Quer se tenha uma vibração múltipla da língua junto à arcada dentária superior, ou uma vibração do dorso da língua junto ao véu palatino, ou uma tremulação da úvula, ou apenas uma forte fricção de ar na parte superior da faringe, as formas em que aparecem essas execuções, tão diversas, continuam a ser uma forma lingüística única, no seu uso e sentido. (CÂMARA JR., 1976, p.15-6).

Numa visão atual, teorias que estudam a variação lingüística demonstram que a variação livre, na verdade, é condicionada por fatores estruturais e/ou extralingüísticos, como sexo, idade, grau de escolaridade, localização geográfica, dentre outros. Enquanto alguns estudiosos enfatizam o aspecto contrastivo (CALLOU et al., 1996; OLIVEIRA, 1983; MONARETTO, 1997), outros discutem, também, os aspectos variáveis, como no nosso caso. Dessa forma, a variação atestada nos sistemas sonoros pode expressar, não somente, aspectos distribucionais, mas também outros aspectos, como os sociais e psicológicos.

O que tipicamente é caracterizado como sendo um determinado som pelo Alfabeto Internacional Fonético, digamos p, de fato ele tem múltiplas representações numa mesma língua, embora possa ser interpretado como pertencendo a uma mesma categoria segmental naquela língua. (SILVA, 2006, p.14-4).

Segundo Albano (1999, p.23-50), a informatização dos programas de análise acústica desencadeou a instalação de laboratórios de fonética experimental no Brasil, conseqüentemente, as análises acústicas começaram a revelar detalhes, antes, não captados pelas análises impressionísticas.

Apesar de todo este avanço, notamos que ainda há uma escassez de estudos acústicos e articulatórios sobre os róticos (sons relacionados ao r). Estes sons, por sua complexidade articulatória, apresentam problemas tanto na sua produção, como na sua descrição e uma grande variação na sua realização fonética. A esse respeito Abaurre; Sândalo (2003, p.174) observaram que:

A maioria dos trabalhos em fonologia do português se baseia em transcrições de ouvido, exclusivamente, o que freqüentemente acarreta erros. É importante salientar que estes erros de transcrição podem, em grande parte das vezes, levar a erros de análise.
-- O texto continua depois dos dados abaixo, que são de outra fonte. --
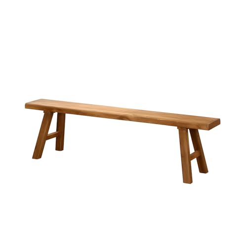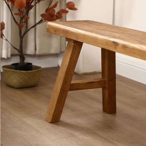 Natural Wood Asian Entryway Bench with Armless Design and Short Height, Farmhouse Wooden Indoor Kitchen Dining Bench, Solid Wood Shoe Bench Entryway Benches 55" L x 10" W x 18" H

Cagliari (1997, p.11), afirma que, “[...] de um modo geral, as fonologias não- lineares estão baseadas quase que exclusivamente na fonética articulatória, não tendo incorporado (ainda) a fonética tal qual praticada nos laboratórios de fonética”. Head (1987, p.22), no seu trabalho sobre o ‘r caipira’, ressalta a importância de pesquisas com dados de análise instrumental, em laboratório de fonética, a fim de detectar de forma mais precisa as semelhanças e diferenças articulatórias, acústicas e auditivas entre as variantes. Pesquisas nesse sentido poderiam, também, ajudar a esclarecer a questão das diferenças de grau manifestadas nos processos articulatórios.